** Raw data follows **

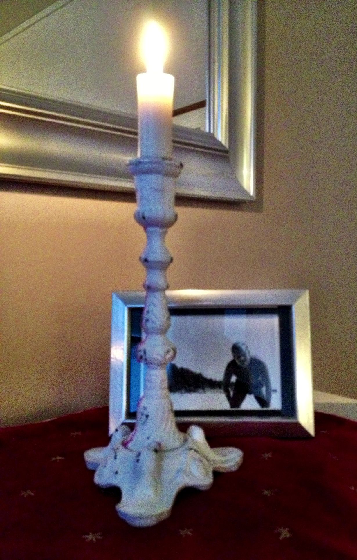 Isäni kuoleman jälkeen ostin tämän kynttilänjalan, joka tuntui suorastaan huutavan minulle. Siitä asti se on ollut isän kuvan äärellä ja joka päivä siinä palaa kynttilä 3
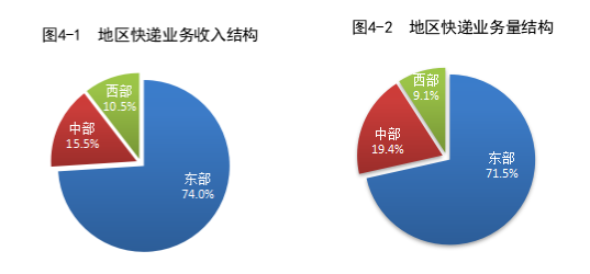 1—7月,东、中、西部地区快递业务收入比重分别为74.0%、15.5%和10.5%,快递业务量比重分别为71.5%、19.4%和9.1%。与去年同期相比,东部地区快递业务收入比重下降0.8个百分点,快递业务量比重下降1.4个百分点;中部地区快递业务收入比重上升0.5个百分点,快递业务量比重上升0.9个百分点;西部地区快递业务收入比重上升0.3个百分点,快递业务量比重上升0.5个百分点。
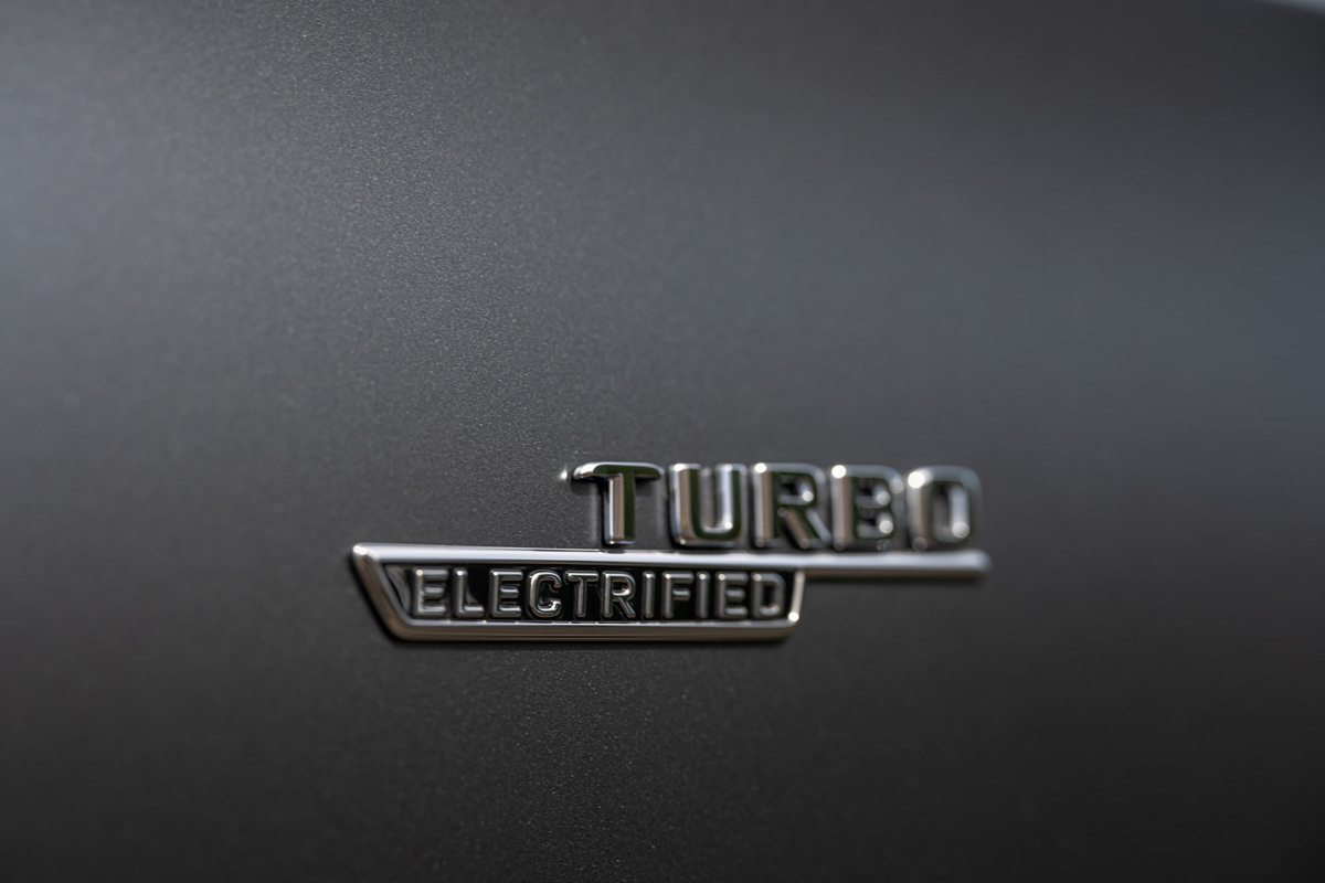 那和大家回顾一下这款车,在外观的部分,这款车和目前的 W206 C-Class 大致上是一样的,只不过新车换上了 AMG 家族式的 Panamericana 水箱护罩,还有更为运动化的保险杠设计以及双边四出的排气管,让它整体看起来更为运动化,而在车侧还有 TURBO ELECTRIFIED 字样,代表它有着来自 F1 的电子涡轮增压器技术加持。
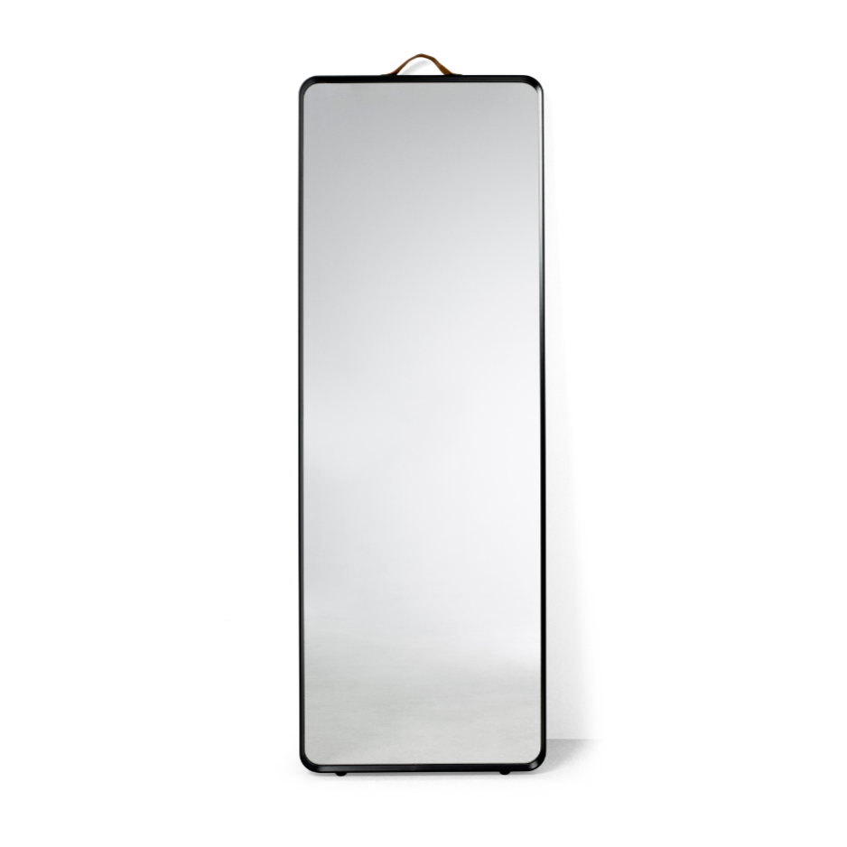 Der Norm- Spiegel ist ein elegantes und minimalistisches Accessoire, das sich gut in Badezimmer, Flur, Schlafzimmer oder Ankleidezimmer einfügt. Der schlanke, schwarze Rahmen aus pulverbeschichtetem Aluminium verleiht ihm einen modernen Charakter, und die große Oberfläche vergrößert den Raum optisch und bietet einen komfortablen Blick aus jeder Perspektive.

** End of Raw data **

• [Directions for this task]
Repeat each line of the listing word for word, from the first through the line that contains "那和大家回顾一下这款车,在外观的部分,这款车和目前的 W206 C-Class". Any picture stays out.

• [Solution to this problem]
 Isäni kuoleman jälkeen ostin tämän kynttilänjalan, joka tuntui suorastaan huutavan minulle. Siitä asti se on ollut isän kuvan äärellä ja joka päivä siinä palaa kynttilä 3
 1—7月,东、中、西部地区快递业务收入比重分别为74.0%、15.5%和10.5%,快递业务量比重分别为71.5%、19.4%和9.1%。与去年同期相比,东部地区快递业务收入比重下降0.8个百分点,快递业务量比重下降1.4个百分点;中部地区快递业务收入比重上升0.5个百分点,快递业务量比重上升0.9个百分点;西部地区快递业务收入比重上升0.3个百分点,快递业务量比重上升0.5个百分点。
 那和大家回顾一下这款车,在外观的部分,这款车和目前的 W206 C-Class 大致上是一样的,只不过新车换上了 AMG 家族式的 Panamericana 水箱护罩,还有更为运动化的保险杠设计以及双边四出的排气管,让它整体看起来更为运动化,而在车侧还有 TURBO ELECTRIFIED 字样,代表它有着来自 F1 的电子涡轮增压器技术加持。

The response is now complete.